> _Work request_:
Among the entries below, find the line with "- PACKAGE INCLUDES: 21", then quote it and each following line up to and including the line with "Einfamilienhaus, Baujahr 1969.", and nothing else.

> _Exercise data_:
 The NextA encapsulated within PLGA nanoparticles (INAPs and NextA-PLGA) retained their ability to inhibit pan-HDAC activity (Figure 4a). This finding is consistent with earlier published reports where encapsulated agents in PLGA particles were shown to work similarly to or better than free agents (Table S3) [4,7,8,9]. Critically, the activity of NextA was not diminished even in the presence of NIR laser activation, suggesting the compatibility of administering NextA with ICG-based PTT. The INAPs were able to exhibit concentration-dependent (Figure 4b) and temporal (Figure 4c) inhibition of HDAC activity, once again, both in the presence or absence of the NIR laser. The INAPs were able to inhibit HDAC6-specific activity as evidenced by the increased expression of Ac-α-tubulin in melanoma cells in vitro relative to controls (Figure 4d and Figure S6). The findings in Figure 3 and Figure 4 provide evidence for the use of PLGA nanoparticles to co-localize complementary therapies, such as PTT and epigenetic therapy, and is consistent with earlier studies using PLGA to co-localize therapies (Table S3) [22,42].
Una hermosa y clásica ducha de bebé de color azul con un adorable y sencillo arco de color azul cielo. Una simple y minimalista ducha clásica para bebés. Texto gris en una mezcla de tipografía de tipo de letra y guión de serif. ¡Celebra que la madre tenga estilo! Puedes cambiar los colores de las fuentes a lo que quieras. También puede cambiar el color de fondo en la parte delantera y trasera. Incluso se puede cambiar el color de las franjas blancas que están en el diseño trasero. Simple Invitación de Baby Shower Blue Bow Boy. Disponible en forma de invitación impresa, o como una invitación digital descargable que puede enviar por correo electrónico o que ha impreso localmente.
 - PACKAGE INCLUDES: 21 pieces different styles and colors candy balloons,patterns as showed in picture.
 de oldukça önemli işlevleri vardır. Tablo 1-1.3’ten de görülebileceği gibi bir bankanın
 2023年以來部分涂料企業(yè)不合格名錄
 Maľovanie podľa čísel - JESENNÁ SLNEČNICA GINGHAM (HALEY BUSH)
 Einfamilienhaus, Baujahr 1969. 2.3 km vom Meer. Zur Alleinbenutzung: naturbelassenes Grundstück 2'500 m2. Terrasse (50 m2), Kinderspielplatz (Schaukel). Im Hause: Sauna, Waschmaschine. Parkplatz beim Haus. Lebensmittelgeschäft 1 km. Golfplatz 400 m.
...
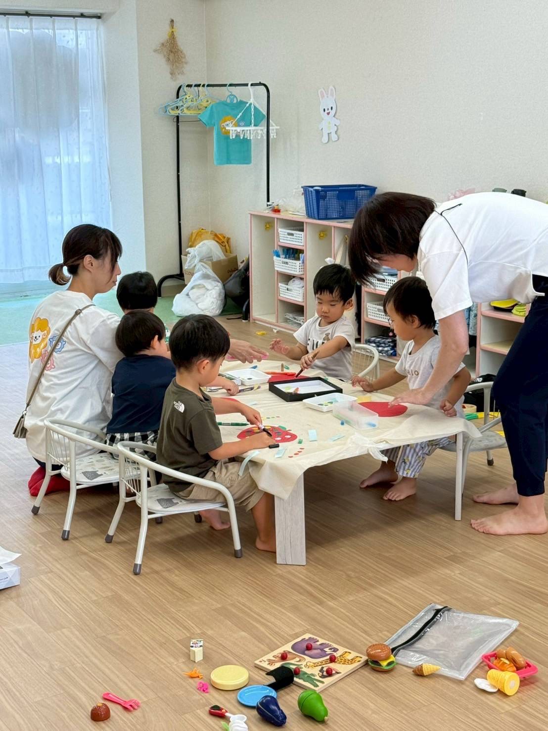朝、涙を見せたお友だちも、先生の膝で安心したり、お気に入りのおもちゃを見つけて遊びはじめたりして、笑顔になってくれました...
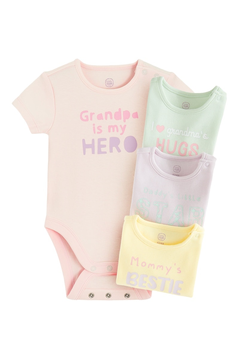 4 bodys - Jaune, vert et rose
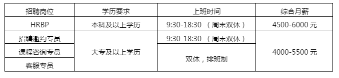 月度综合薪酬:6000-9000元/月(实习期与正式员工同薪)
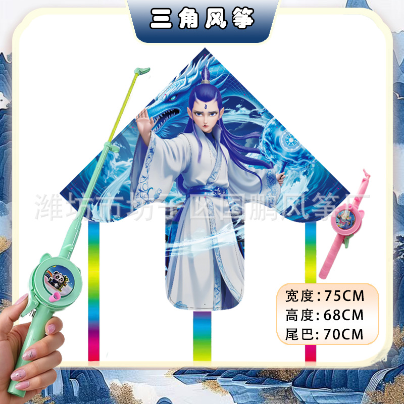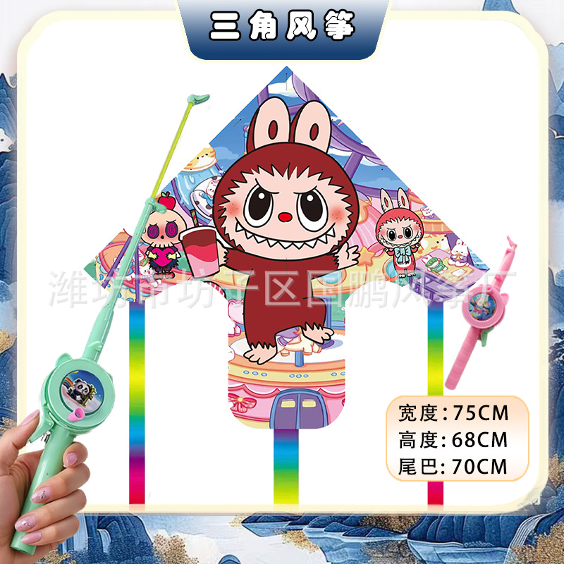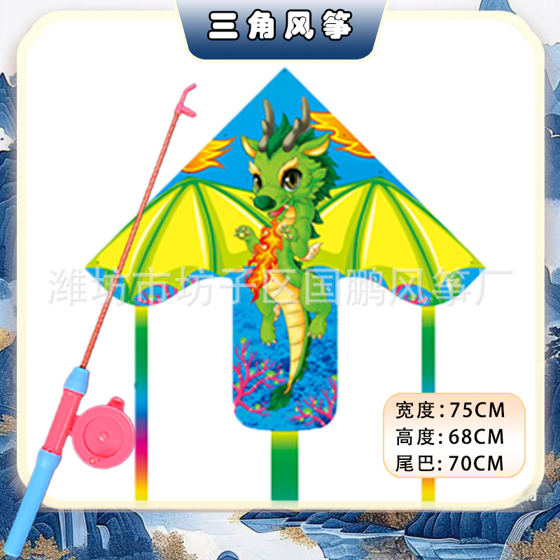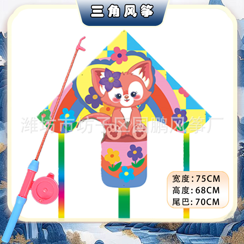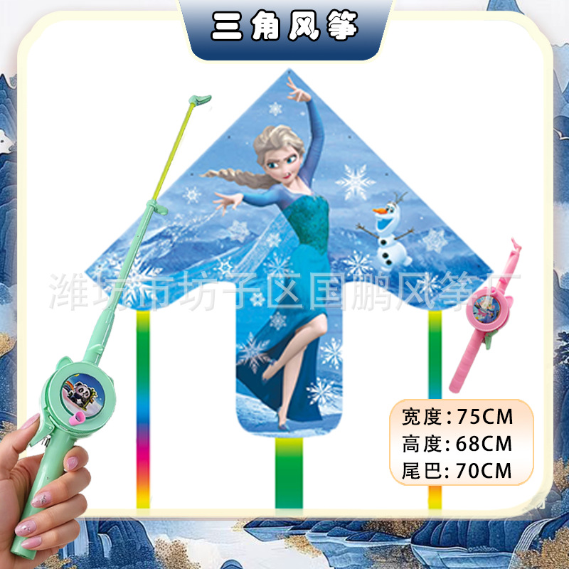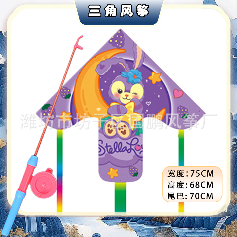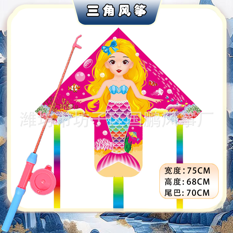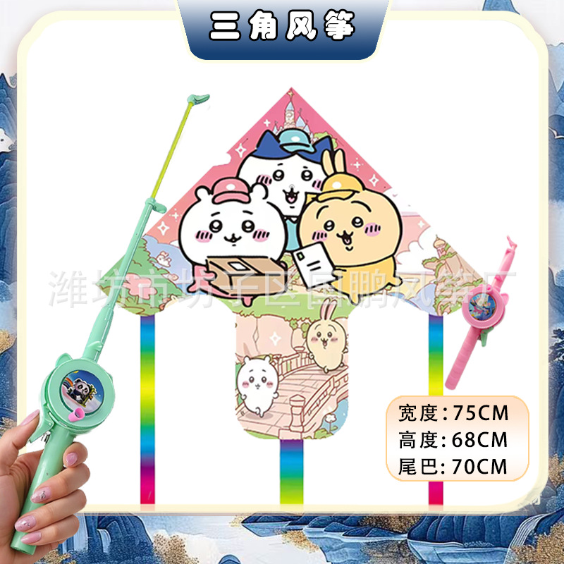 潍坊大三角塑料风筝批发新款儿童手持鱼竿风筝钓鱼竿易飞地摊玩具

> _Task solution_:
 - PACKAGE INCLUDES: 21 pieces different styles and colors candy balloons,patterns as showed in picture.
 de oldukça önemli işlevleri vardır. Tablo 1-1.3’ten de görülebileceği gibi bir bankanın
 2023年以來部分涂料企業(yè)不合格名錄
 Maľovanie podľa čísel - JESENNÁ SLNEČNICA GINGHAM (HALEY BUSH)
 Einfamilienhaus, Baujahr 1969. 2.3 km vom Meer. Zur Alleinbenutzung: naturbelassenes Grundstück 2'500 m2. Terrasse (50 m2), Kinderspielplatz (Schaukel). Im Hause: Sauna, Waschmaschine. Parkplatz beim Haus. Lebensmittelgeschäft 1 km. Golfplatz 400 m.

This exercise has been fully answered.